Elliptic Curve Cryptography in Payment Networks

7 min read Chapter 2 of 21

Elliptic Curve Cryptography in Payment Networks

RSA has served payment systems for decades, but it’s hitting a wall. The key sizes required for adequate security keep growing: 1024-bit RSA was deprecated in 2013, 2048-bit is the current minimum, and post-quantum recommendations push toward 4096-bit or beyond. A 4096-bit RSA operation on a payment terminal’s embedded processor takes over 200ms — an eternity when the entire transaction must complete in under a second.

Elliptic Curve Cryptography (ECC) delivers equivalent security with dramatically smaller keys. A 256-bit ECC key provides the same security as a 3072-bit RSA key. This matters in payment contexts where keys are stored on constrained devices (chip cards, mobile secure elements) and operations must complete in milliseconds.
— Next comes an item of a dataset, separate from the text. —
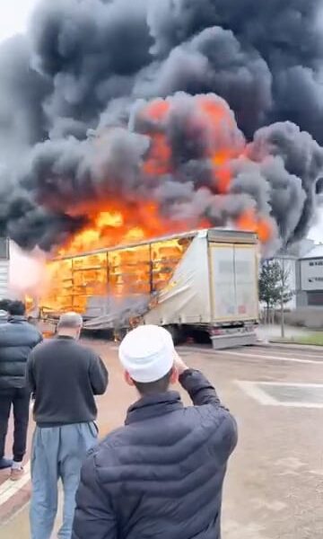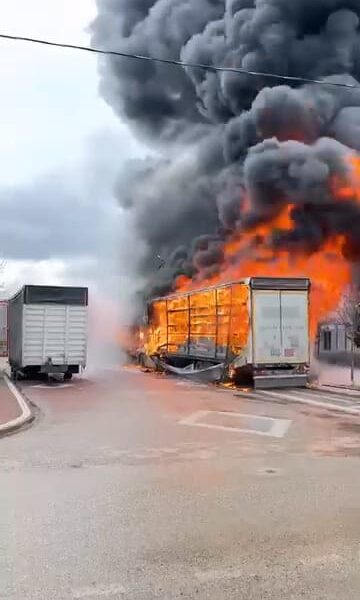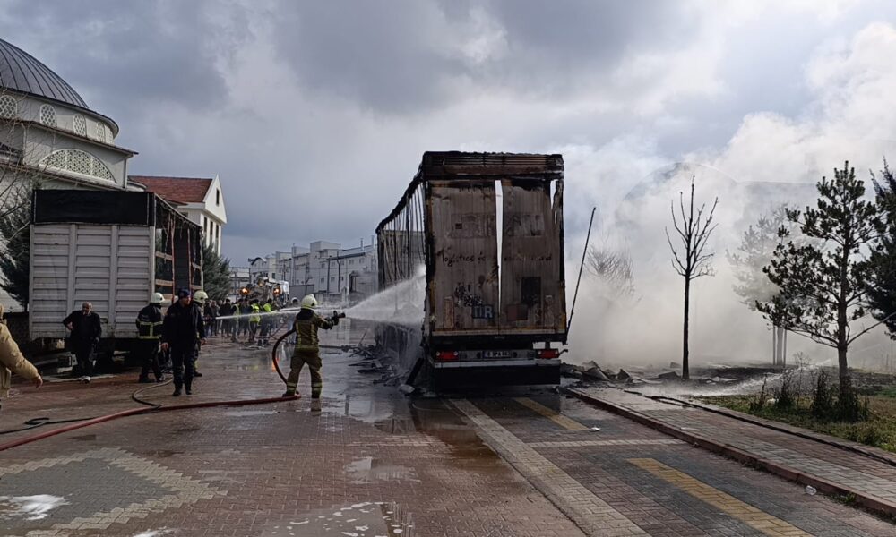 Sünger yüklü TIR’daki yangın, yanındaki mobilya yüklü dorseye sıçradı

The Mathematics You Need (and Nothing More)

An elliptic curve over a finite field $\mathbb{F}_p$ is the set of points $(x, y)$ satisfying:

$$y^2 \equiv x^3 + ax + b \pmod{p}$$

plus a special “point at infinity” $\mathcal{O}$ that serves as the identity element. The security of ECC rests on the Elliptic Curve Discrete Logarithm Problem (ECDLP): given points $G$ (generator) and $Q = kG$ (where $k$ is a scalar), finding $k$ is computationally infeasible for sufficiently large curves.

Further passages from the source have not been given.